Records to use below:

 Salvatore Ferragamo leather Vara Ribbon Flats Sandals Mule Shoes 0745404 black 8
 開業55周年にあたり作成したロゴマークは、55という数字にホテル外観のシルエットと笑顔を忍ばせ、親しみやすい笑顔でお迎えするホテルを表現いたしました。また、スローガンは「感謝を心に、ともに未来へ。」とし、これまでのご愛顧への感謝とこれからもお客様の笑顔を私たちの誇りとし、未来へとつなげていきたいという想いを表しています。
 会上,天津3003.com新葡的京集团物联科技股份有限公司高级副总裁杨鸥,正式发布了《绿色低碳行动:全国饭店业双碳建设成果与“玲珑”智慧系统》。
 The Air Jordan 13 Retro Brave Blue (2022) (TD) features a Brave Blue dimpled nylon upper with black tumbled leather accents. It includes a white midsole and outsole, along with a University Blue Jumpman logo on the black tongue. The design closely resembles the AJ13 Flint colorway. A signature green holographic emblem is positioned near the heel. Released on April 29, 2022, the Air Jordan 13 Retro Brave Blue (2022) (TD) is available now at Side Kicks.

End of Records to use.
Records to use below:

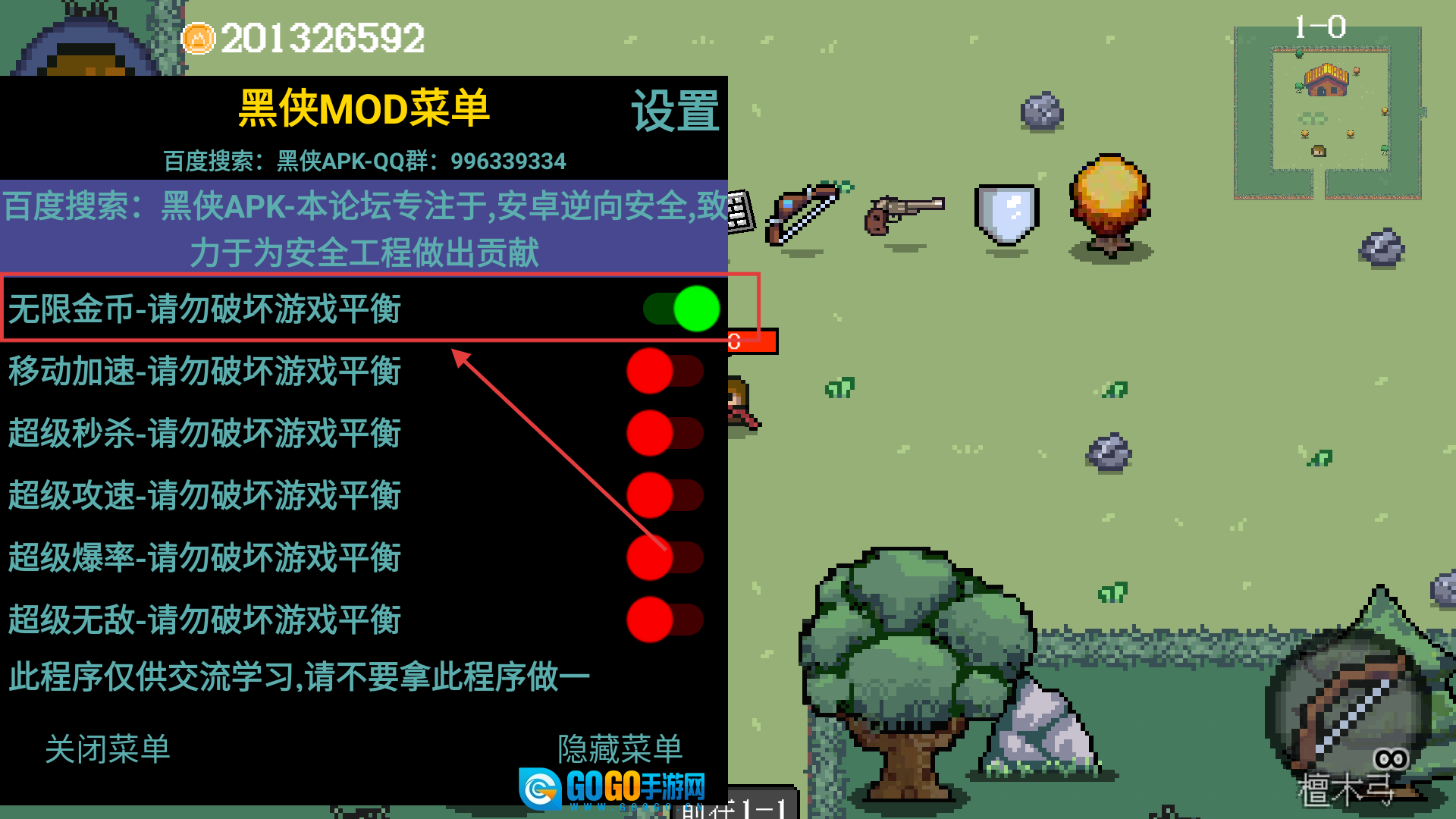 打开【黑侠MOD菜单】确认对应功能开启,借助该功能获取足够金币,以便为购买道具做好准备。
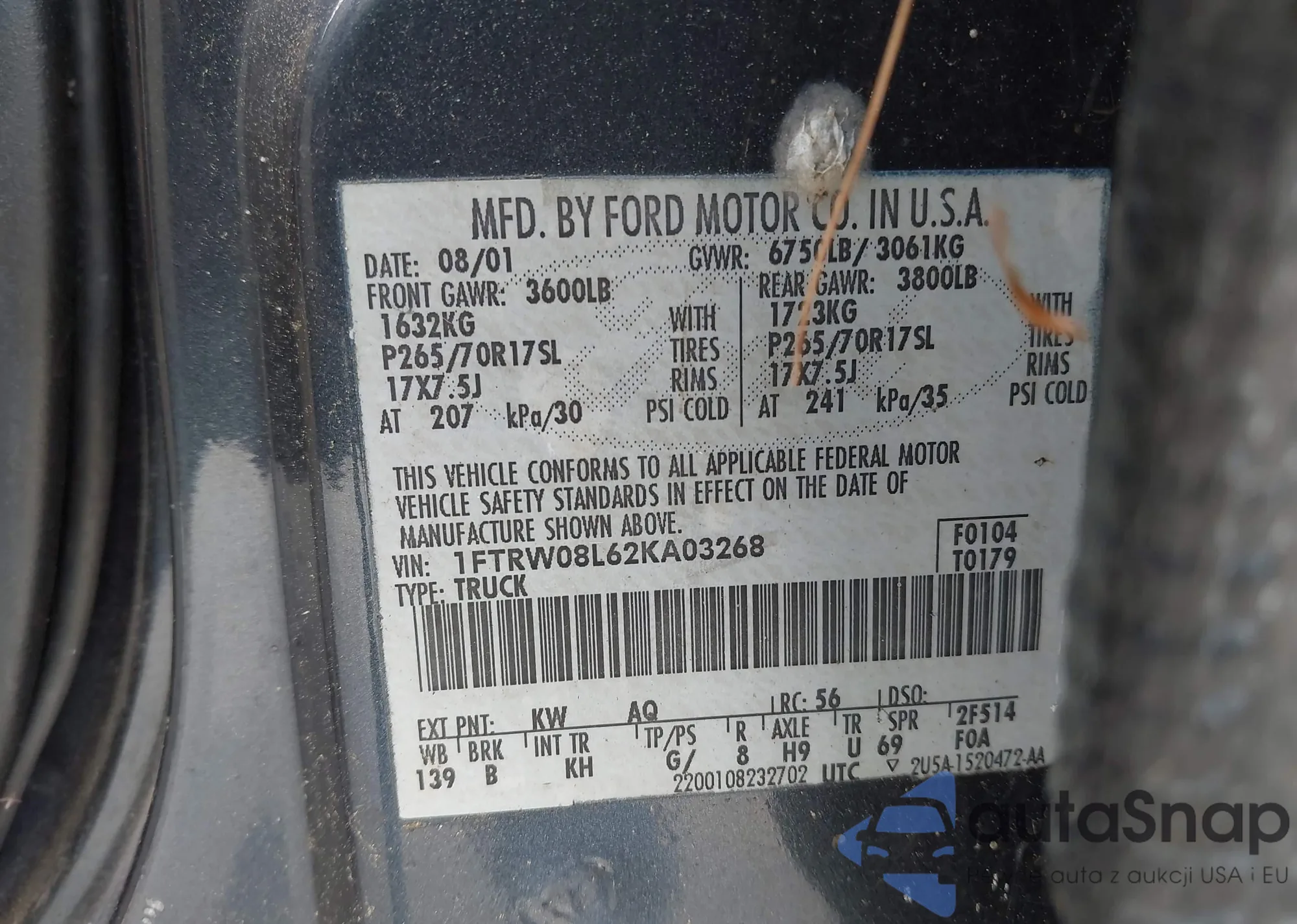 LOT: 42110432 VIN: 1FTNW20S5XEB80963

End of Records to use.

## Problem to solve
Start at the line containing "打开【黑侠MOD菜单】确认对" above and stop at the line containing "LOT: 42110432 VIN: 1FTNW20S5XEB80963". Output those lines exactly, both included, but none of the pictures.

## Response below
 打开【黑侠MOD菜单】确认对应功能开启,借助该功能获取足够金币,以便为购买道具做好准备。
 LOT: 42110432 VIN: 1FTNW20S5XEB80963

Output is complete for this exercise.